C’est à tort que [Olivier] Reverdin, arrière-petit-fils du Général et propriétaire de ses archives,
prétend dans ses notes biographiques que Dufour se trompe et que le Général s’est toujours
appelé Guillaume Henri.
On ne saurait donner trop de poids au chant généthliaque que Jean-François
Chaponnière(1), le fondateur du Journal de Genève, a composé pour le baptême du
Général :
"Pour avoir dans sa République
Osé prêcher l’égalité,
Victime d’un Sénat inique,
Son aïeul fut persécuté.
Sorti d’une si bonne race
Où brille un cœur généreux,
De ses parents suivant la trace,
Guillaume-Henri fera comme eux."
Deux choses importaient au poète : mélodie et métrique d’une part, l’exaltation du grandpère Guillaume-Henri, parrain du nouveau-né fêté, de l’autre.

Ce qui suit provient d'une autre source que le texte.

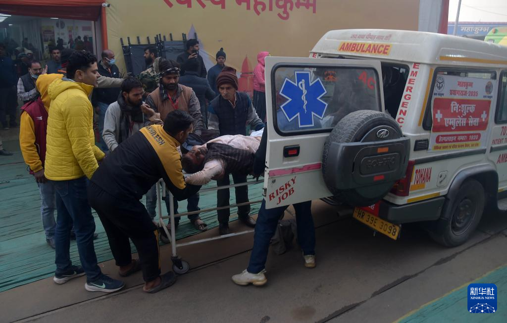 1月29日,在印度北方邦普拉亚格拉杰市,伤员被运送至医院接受治疗。新华社发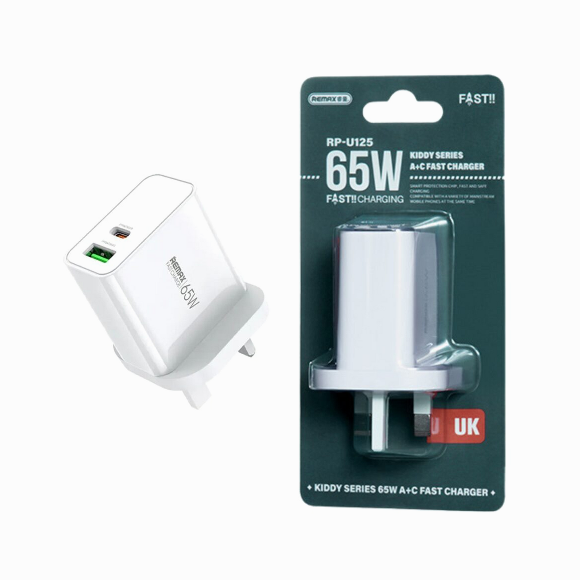 - REMAX RP-U125 65W GaN Fast Charger (USB & Type-C)

Soulignons toutefois que, juridiquement, la correction de la transcription de l’acte de
naissance du Général pose problème. Le Traité de réunion de la République de Genève à la
France, signé par le même pasteur Gasc le 26 avril 1798, fait de la cité de Calvin une ville
française. A partir du 22 septembre de la même année, le nouveau département du Léman
est soumis au droit français qui s’applique in toto. Or, selon le décret du 23 août 1794, les
Français sont tenus de porter le nom inscrit dans leur acte de naissance. Et un décret du 1er
avril 1803 subordonne tout changement de nom à autorisation. Cette disposition vise-t-elle
aussi les prénoms ? Cette question semble avoir été controversée. On répondit d’abord par
l’affirmative pour aboutir quelques années plus tard au résultat contraire. Quoi qu’il en soit,
le Pasteur Esaïe Gasc, entre temps Secrétaire d’Etat, trouva une sortie de ce labyrinthe
juridique : il compléta tout simplement la transcription de l’acte de naissance en s’accusant
d’avoir omis le prénom de Guillaume. »
(1) L'historien et biographe de Dufour, Walther Senn, parle d'un J.-J. Chaponnière, peintre sur émail.